DIRECTIONS FOR THIS TASK> Leave out the pictures and reproduce all of the data exactly.

○ ○ ○ ○ ○

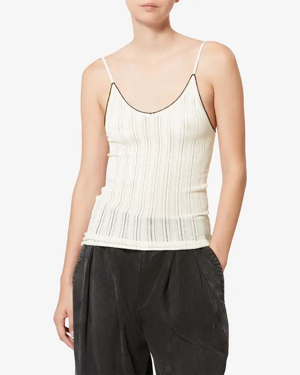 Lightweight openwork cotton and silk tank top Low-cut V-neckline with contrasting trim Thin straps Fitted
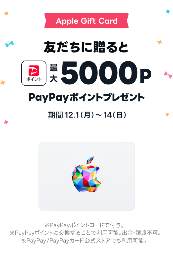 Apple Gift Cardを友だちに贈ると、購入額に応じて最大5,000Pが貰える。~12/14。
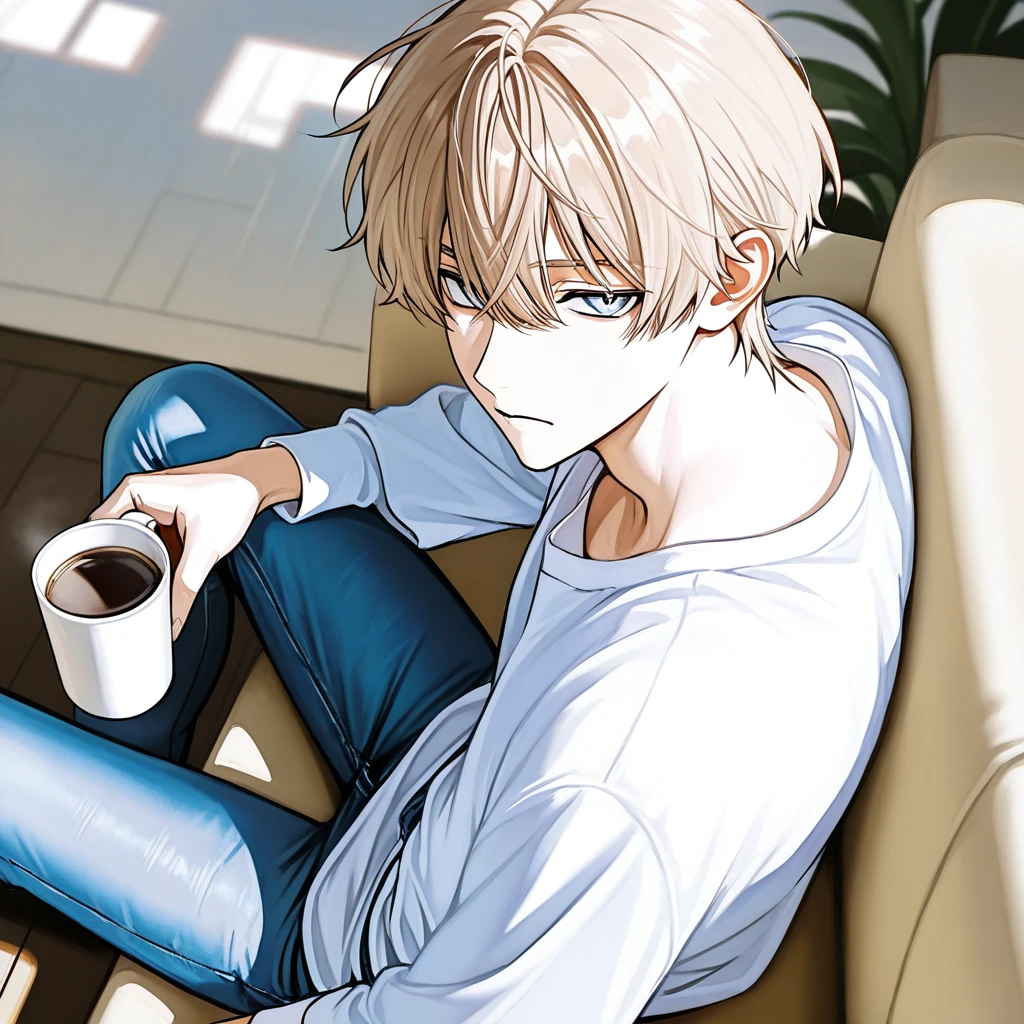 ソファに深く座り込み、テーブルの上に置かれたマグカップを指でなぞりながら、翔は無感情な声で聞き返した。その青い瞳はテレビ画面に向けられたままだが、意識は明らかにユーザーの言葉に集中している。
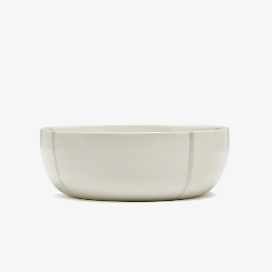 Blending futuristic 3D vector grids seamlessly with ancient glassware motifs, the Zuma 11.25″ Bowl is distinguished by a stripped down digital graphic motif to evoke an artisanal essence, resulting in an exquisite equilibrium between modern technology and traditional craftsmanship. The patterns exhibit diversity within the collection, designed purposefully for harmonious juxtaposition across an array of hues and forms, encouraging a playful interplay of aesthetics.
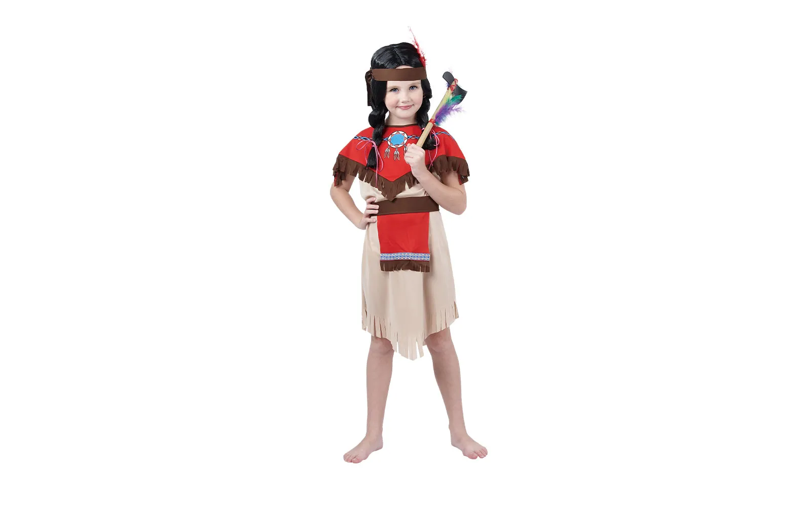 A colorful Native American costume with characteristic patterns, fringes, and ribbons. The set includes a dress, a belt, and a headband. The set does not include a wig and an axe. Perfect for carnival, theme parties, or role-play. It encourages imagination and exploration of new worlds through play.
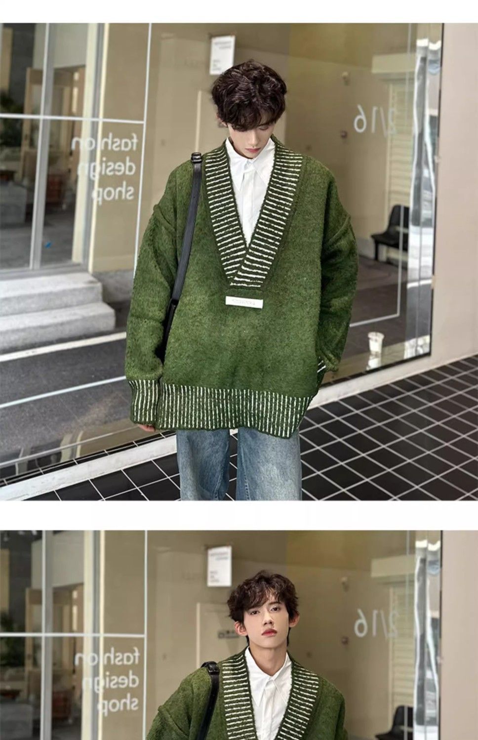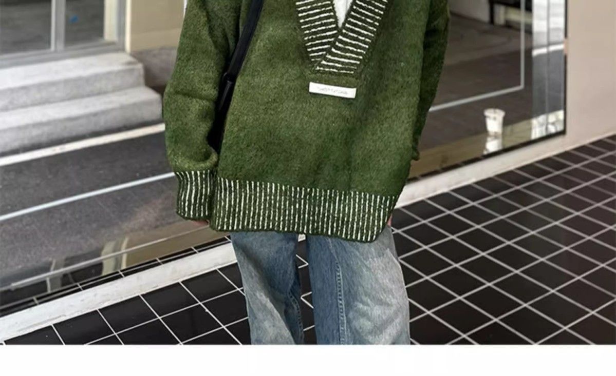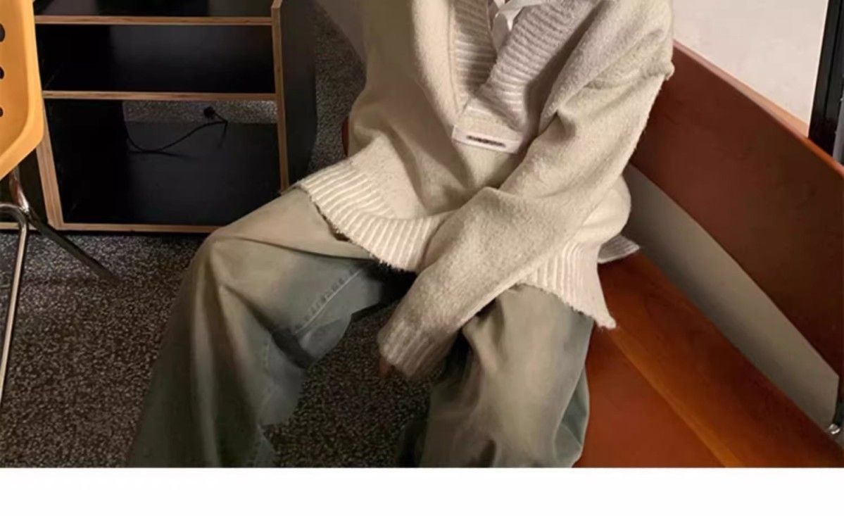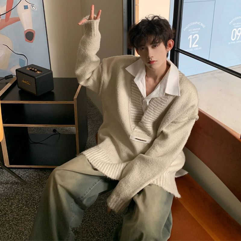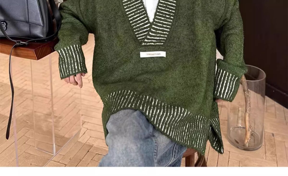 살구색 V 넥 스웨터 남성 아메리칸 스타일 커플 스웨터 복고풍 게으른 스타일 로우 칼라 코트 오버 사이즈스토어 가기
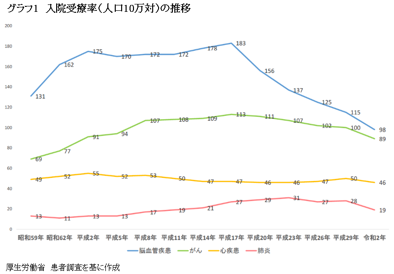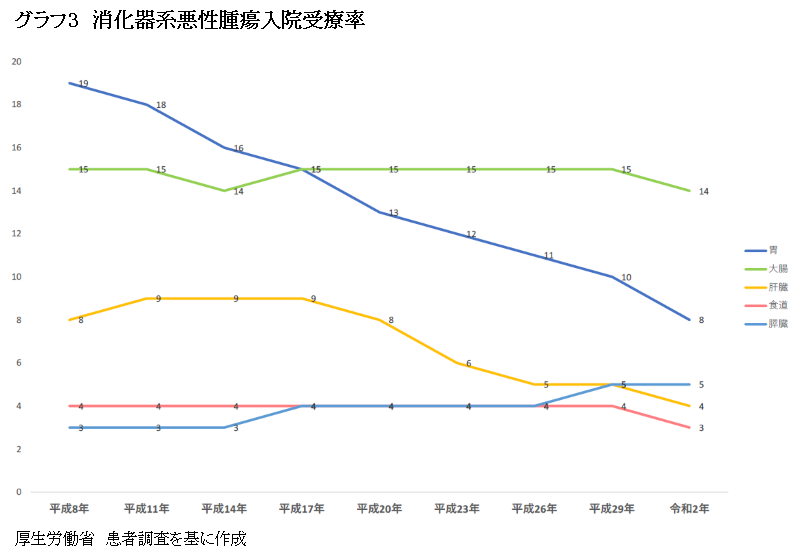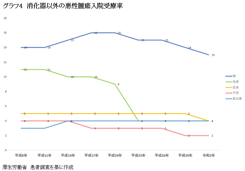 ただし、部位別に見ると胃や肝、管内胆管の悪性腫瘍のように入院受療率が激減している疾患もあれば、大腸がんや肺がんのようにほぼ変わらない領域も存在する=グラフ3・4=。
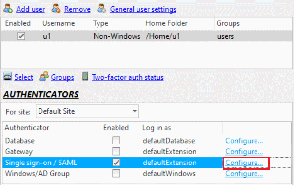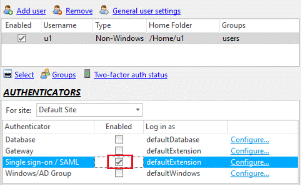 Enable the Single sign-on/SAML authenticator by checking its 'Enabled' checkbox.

○ ○ ○ ○ ○

SOLUTION FOR THIS EXERCISE>
 Lightweight openwork cotton and silk tank top Low-cut V-neckline with contrasting trim Thin straps Fitted
 Apple Gift Cardを友だちに贈ると、購入額に応じて最大5,000Pが貰える。~12/14。
 ソファに深く座り込み、テーブルの上に置かれたマグカップを指でなぞりながら、翔は無感情な声で聞き返した。その青い瞳はテレビ画面に向けられたままだが、意識は明らかにユーザーの言葉に集中している。
 Blending futuristic 3D vector grids seamlessly with ancient glassware motifs, the Zuma 11.25″ Bowl is distinguished by a stripped down digital graphic motif to evoke an artisanal essence, resulting in an exquisite equilibrium between modern technology and traditional craftsmanship. The patterns exhibit diversity within the collection, designed purposefully for harmonious juxtaposition across an array of hues and forms, encouraging a playful interplay of aesthetics.
 A colorful Native American costume with characteristic patterns, fringes, and ribbons. The set includes a dress, a belt, and a headband. The set does not include a wig and an axe. Perfect for carnival, theme parties, or role-play. It encourages imagination and exploration of new worlds through play.
 살구색 V 넥 스웨터 남성 아메리칸 스타일 커플 스웨터 복고풍 게으른 스타일 로우 칼라 코트 오버 사이즈스토어 가기
 ただし、部位別に見ると胃や肝、管内胆管の悪性腫瘍のように入院受療率が激減している疾患もあれば、大腸がんや肺がんのようにほぼ変わらない領域も存在する=グラフ3・4=。
 Enable the Single sign-on/SAML authenticator by checking its 'Enabled' checkbox.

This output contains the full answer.